La muerte de dos israelíes y las protestas avivan el temor a una tercera intifada

El primer ministro Benjamín Netanyahu «invitó» a los árabe-israelíes que no estén de acuerdo con su política «a irse a Cisjordania y Gaza»

La Voz

Los palestinos celebran hoy el décimo aniversario de la muerte de Yaser Arafat en medio del temor a que la escalada de tensión y violencia que se vive termine desatando un tercera intifada. Dos ataques palestinos con armas blancas contra israelíes dejaron dos muertos y dos heridos, después de un fin de semana de disturbios de la minoría árabe- israelí en protesta por la muerte de uno de los suyos a manos de un policía de gatillo fácil. En un mensaje sin precedentes, el primer ministro Benjamín Netanyahu «invitó» a los árabe-israelíes que no estén de acuerdo con su política «a irse a Cisjordania y Gaza». Mientras, Hamás y Yihad Islámica alabaron los dos ataques.

El primero tuvo lugar en la estación de tren Hagana, en Tel Aviv, una ciudad que se había mantenido a salvo de la violencia. Un palestino de 17 años apuñaló en el pecho a un soldado israelí de 20, que murió en el hospital. El agresor, que había entrado ilegalmente en Israel desde Nablus, resultó herido en la detención.

Cinco horas más tarde se produjo el segundo ataque.
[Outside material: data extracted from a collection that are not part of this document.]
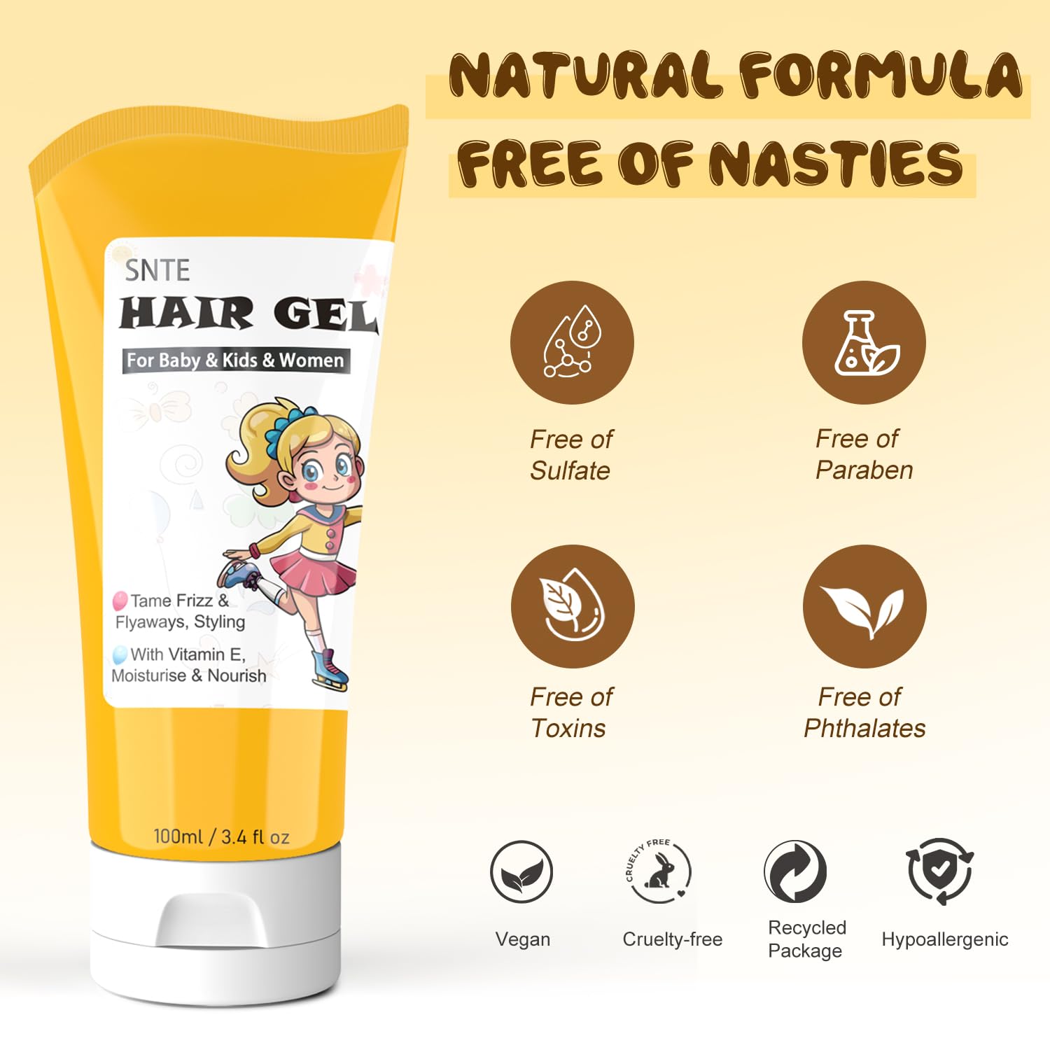 Samnyte Hair Gel for Kids, Baby Hair Gel Fly Away Hair Tamer, Styling Gel - Vitamin E Moisturize and Nourish, Flexible Hold Designed for Boys & Girls 3.4 Fl Oz
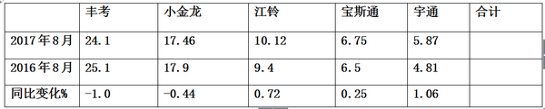 (三)、小金龙2017年8月份考斯特销量分析:
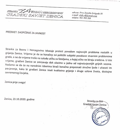Stranka za BiH: saopćenje za javnost
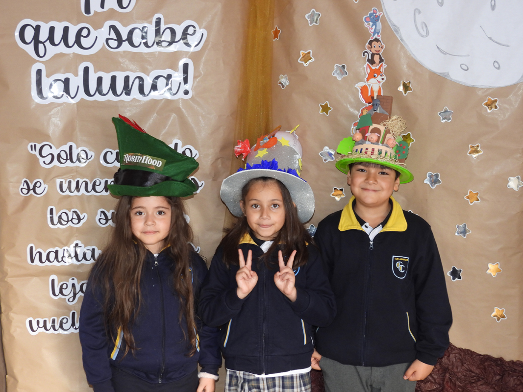 Continuando con el programa, los cursos de Primero a Cuarto Básico se dirigieron “ensombrerados” al auditorio a disfrutar de un simpático cuentacuentos preparado por la profesora Verena Bielefeldt Pino, ocasión en la que el ciclo pudo escuchar la historia de una vaca muy especial. La jornada prosiguió con un desfile de los niños con sus respectivos sus creaciones estéticas y literarias materializadas en el ya mencionado “sombrero”, donde se premió a los más creativos y originales.
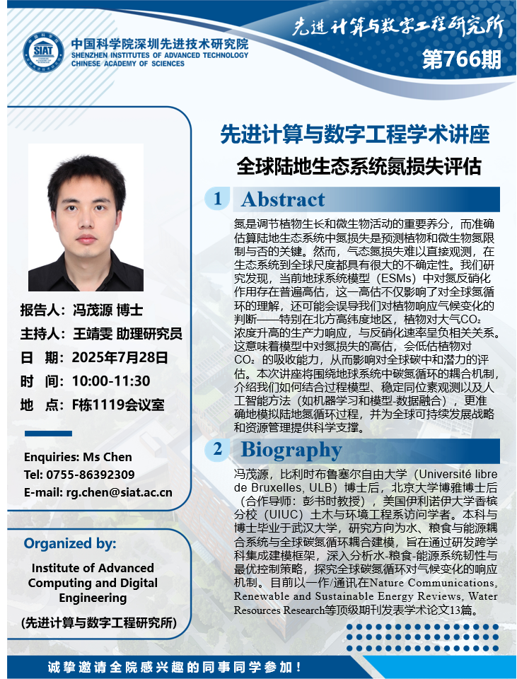 数字所/计算机学院766学术讲座将于7月28日10:00-11:30在F1119会议室举行,本次讲座将邀请比利时布鲁塞尔自由大学(Université libre de Bruxelles,ULB) 冯茂源 博士作题为“全球陆地生态系统氮损失评估的报告。本次报告将由数字所 王靖雯 助理研究员主持,诚挚邀请大家参加、学习和研讨!
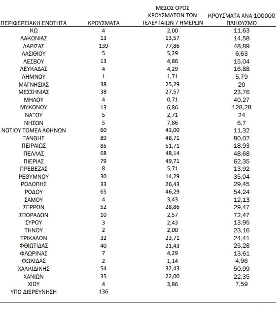 - Κεντρικός Τομέας Αθηνών: 141 κρούσματα
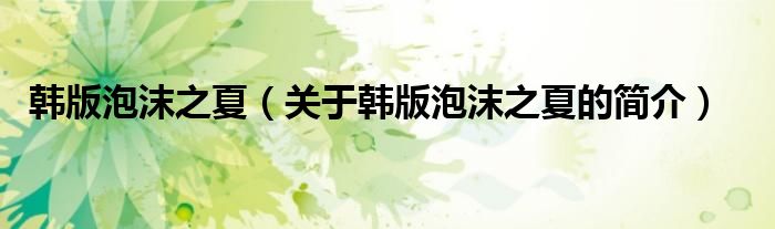本文關(guān)于韓版泡沫之夏的簡介就講解完畢,希望對大家有所幫助。
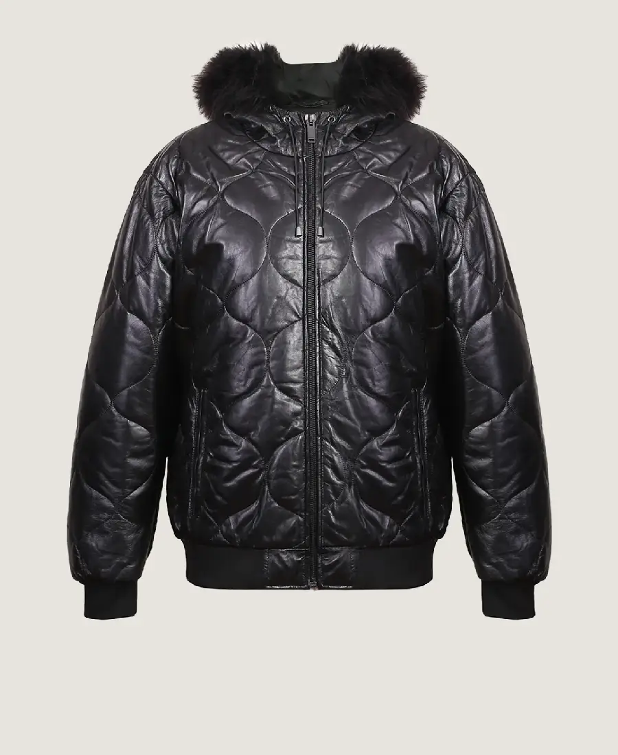 Women’s Puffer Black Leather Jacket
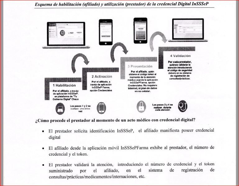 «Credencial Digital» le permite al afiliado obtener un código token al momento de la atención médica usando la aplicación InSSSePFarma, que luego será validada por cada prestador, introduciendo el Token en el sistema de registración de consultas/prácticas. Esta acción no requiere de conexión a internet, ni plan de datos del celular.

Una mujer de 25 años murió apuñalada y dos hombres de 26 y 50 años resultaron heridos. El atacante fue abatido a tiros por un guardia. Se produjo entre la colonia de Alon Shvut y el cruce de Gush Etzion, donde fueron asesinados en junio tres jóvenes israelíes, lo que provocó la ofensiva de represalia sobre la franja de Gaza.

El Shin Bet identificó al agresor como Maher Hamdi Hashalmon, de 30 años, residente de Hebrón y afiliado a la Yihad Islámica. Poco después, esa milicia armada reivindicó el apuñalamiento. Hashalmon había cumplido cinco años de prisión por lanzar una cóctel molotov contra las tropas israelíes, según el diario Haaretz.

Netanyahu estaba reunido anoche con su gabinete de seguridad, en medio de las exigencias de mano dura de la derecha radical.

Este es el quinto ataque en dos semanas y se produce en medio de la espiral de violencia en Jerusalén Este, a causa de la campaña de los ultranacionalistas judíos para reclamar el derecho a rezar en la Explanada de las Mezquitas, y tras un fin de semana plagado de protestas por la muerte a manos de un agente de Jeir Hamdan, un árabe-israelí de 22 años.

Protestas árabe-israelíes

Las protestas y huelgas del sábado y el domingo, que llegaron a las universidades de Haifa y Tel Aviv, dejaron al menos 24 detenidos, entre ellos 10 menores. Ayer, miles de escolares marcharon por pueblos árabes del norte israelí para pedir que se castigue al policía. Los ciudadanos árabes de Israel constituyen el 20 % de los 8 millones de habitantes de Israel.